- Poster
- Directed by: Javier Augusto Nunez
- Written by: Qurrat Ann Kadwani; Javier Augusto Nunez;
- Produced by: Christopher Holloway; Qurrat Ann Kadwani; Javier Augusto Nunez;
- Starring: Qurrat Ann Kadwani; William H. Bryant Jr.; Joanna DeLane; Shaw Jones;
- Cinematography: Ray Gallardo
- Edited by: Javier Augusto Nunez
- Music by: Lynn Neumann
- Production company: Infrastructure Productions
- Distributed by: ShortsTV
- Release date: June 1, 2018;
- Running time: 16 minutes
- Country: United States
- Language: English

= The Fifth of November =

2018 film by Javier Augusto Nunez

The Fifth of November is a 2018 psychological thriller short film directed by Javier Augusto Nunez and written by Nunez and Qurrat Ann Kadwani. The film stars Kadwani, William H. Bryant Jr., Joanna DeLane and Shaw Jones.

== Cast ==
- Qurrat Ann Kadwani as Jane Evans
- William H. Bryant Jr. as Zachary Williams
- Joanna DeLane as Alejandra Guerrero
- Shaw Jones as Owen Smith

== Production ==

The Fifth of November was created in San Diego. Actress Qurrat Ann Kadwani starred in and produced the film.

== Release ==

The film screened at the San Diego International Film Festival, NYC International Reel Film Festival and NewFilmmakers NY. The film was distributed by ShortsTV.

== Reception ==
Horrornews.net claims that "the filmmakers did a commendable job giving us a horror film based on real-world events and treated the subject matter with respect. Jeremie Sabourin of Cinema Smack scored it 4 out of 5 stars and said that while it "isn't quite an enjoyable view given its subject matter, it's a thought-provoking piece of cinema that's certainly worthy of discussion." Olivia York at Agnès Films called it "stunning [...] and does not sugarcoat the effects" of mass shootings.

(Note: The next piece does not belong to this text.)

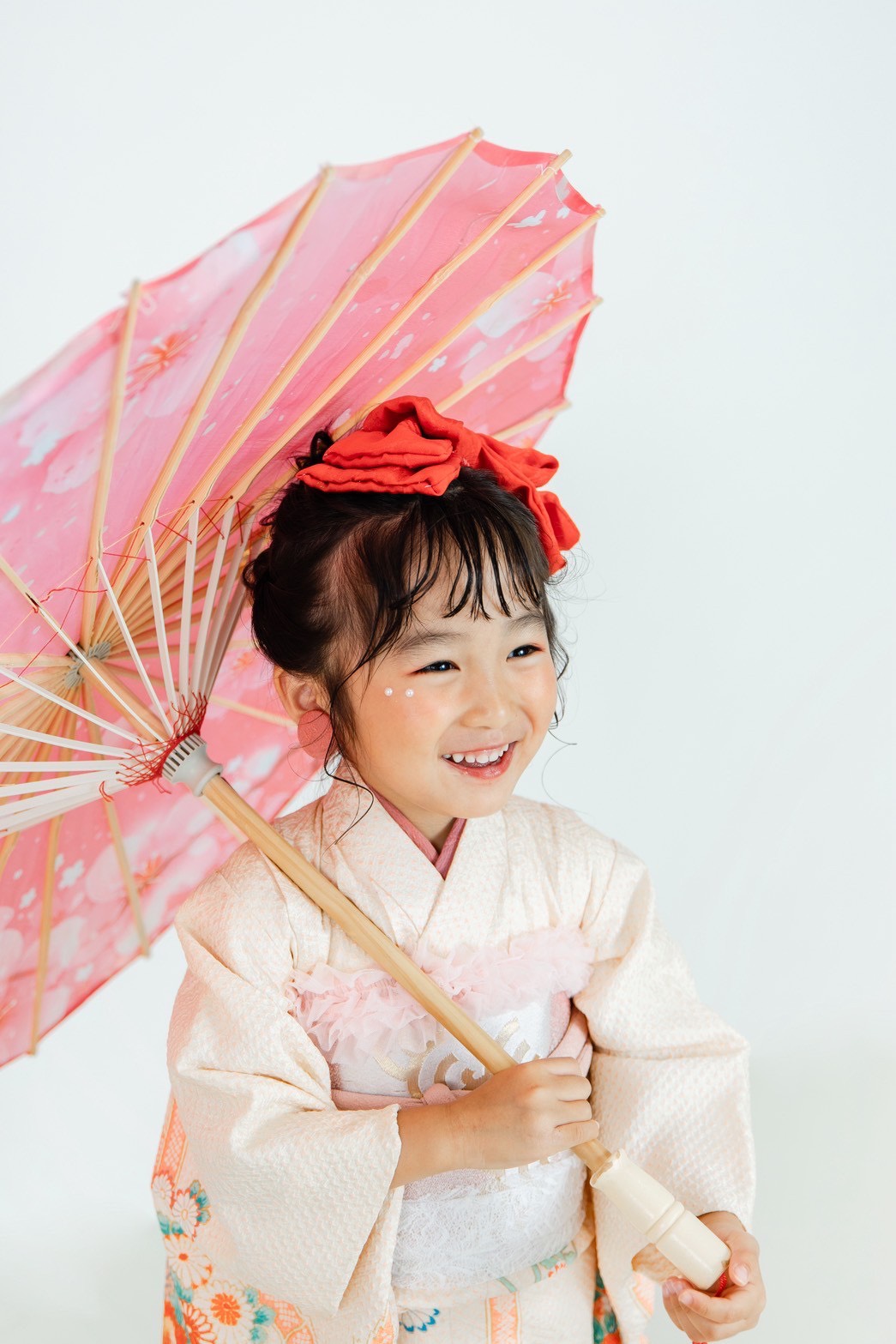 また衣装だけでなく、ヘアメイクもしてもらえます♪子育て中のスタッフさんが、「絶対カワイイ!」「自分の子どもにも着せたい!」と思える着物をセレクトし、心を込めてスタイリングしてくれるので、安心してお任せできますね◎

Rebecca Cherry at Film Carnage rated it 4 out of 5 stars claiming "it's a poignant satire that has an important message." In a review at Asian Movie Pulse, Adam Symchuk says that "although the short film may have some valid points, the way the subject matter is presented negates social message." Movie Deputy rated it 1 out of 10 calling it "a vile and disgusting presentation." Richard Propes of The Independent Critic says it is "an engaging, memorable film with a strong central performance by Kadwani." She won two awards for Best Actress.